Evo: The education profession is a great community. Constantly changing, innovative and full of supportive people who want the best for you, it’s an inspiring community. I’ve spent 20 years inspiring students, teachers and leaders to innovate, and I’ve been recently thinking maybe I should give myself a chance to explore new opportunities in education and innovate more outside the classroom. Post-Covid education requires a shift in the way we approach education and has opened up new doors for teachers to expand their horizons.
EDUAE: So, that’s the direction you’re now moving?

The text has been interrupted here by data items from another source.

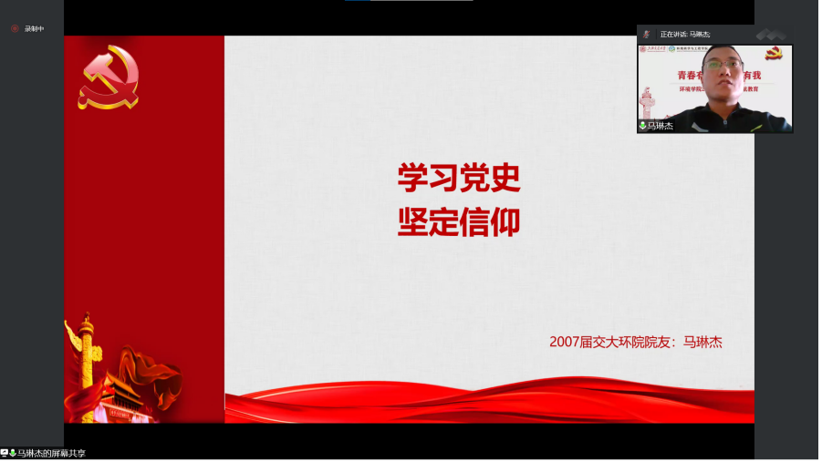 马琳杰以“学习党史,坚定信仰”为题,带领大家回顾了中国共产党百年历史上的三次重大决议,分析了百年大变局下的环境专业学生未来就业前景和环境人的使命担当。他结合自身成长经历,作为学长鼓励同学们养成良好的学习和生活习惯,练就过硬本领,在专业领域力求新的突破,为建设美丽中国贡献青春力量。
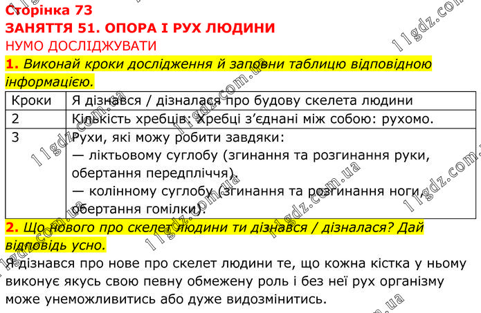 ЗАНЯТТЯ 51. ОПОРА І РУХ ЛЮДИНИ НУМО ДОСЛІДЖУВАТИ 1. Виконай кроки дослідження й заповни таблицю відповідною інформацією. 2. Що нового про скелет людини ти дізнався / дізналася? Дай відповідь усно. Я дізнався про нове про скелет людини те, що кожна кістка у ньому виконує якусь свою певну обмежену роль і без неї рух організму може унеможливитись або дуже видозмінитись.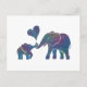 Elephant Hugs Rainbow Mom and Baby with Heart Postcard

Evo: Yes, creating projects and ideas that help inspire a shift in education. So, I’ll be moving to West Sussex with my wife, Anne-Marie and my two children, Zakaria and Zara. We are renovating the house, and I’ll be building an office/studio to help kick start the new business called Innovation X I am currently working on in my spare time.
EDUAE: After being in teaching for 20 years, what do you think makes a good teacher?
Evo: Someone who builds positive relationships with the students and actively seeks to connect with every individual.
EDUAE: During a recent visit to London, I was stopped by a group of youths on pushbikes who I think wanted to relieve me of my personal belongings, or maybe they just wanted to know the time? It was impossible to tell, as I’m not fluent in gangster lingo. But I often think these kinds of kids would have the most potential if they had good teachers who could help them channel their energy correctly?
Evo: Absolutely! It’s the tenacious ones I like the most. I find them the easiest to connect with, and they are the students I learn most from. They challenge the way you do things, which can lead to inspiring new ideas. We need tenacious individuals in the global innovation space because they will question what is currently being done and why we can’t approach it in another way.
EDUAE: And you do EdTalks – will you be carrying on with these when you return to the UK?
Evo: I will be. I am getting into using and producing media a lot more. My office at home will be more like a media studio, which will provide a creative space to produce live broadcasts like EdTalks live, which I hope to expand to three times a week. Over my past two seasons, it has become clear that different regions have different needs and perspectives on educational trends. I’m hoping to start a new season that caters specifically to the three regions I am most familiar with, the Middle East and Asia, UK and the USA. This will also provide opportunities to work with edtech companies and publications such as Education UAE.
EDUAE: Is there a bit of sadness on leaving Dwight School after three years?
Evo: For sure. I watched Dwight School Dubai being built and was part of the team that opened its doors on its very first day. It’s the first and possibly the last new school I’ll ever teach in. I’ve had students asking what I’ll be doing next. It’s a great community, lots of positive students and staff. I’ll be staying in touch with the team at the school to follow its developments over the coming years.
EDUAE: What’s your first venture with Innovation X?
Evo: My first service is called Vertigo, a social media agency for schools. After several discussions with friends and exploring various possibilities, this became the idea that felt most in line with how I wanted to progress. I’ve been actively using social media to develop connections and spread positive messages about education, innovation and design for three years now and am now fortunate to have a good network that expands across the globe. I aim to use this experience coupled with my love for teaching and learning to support schools, universities and edtech companies to connect and engage with the right audience.
EDUAE: Put simply, enjoying life and helping others – you can’t imagine it getting much better than that?
Evo: This is the best feeling, helping others reach their full potential through big thinking and forward-thinking ideas.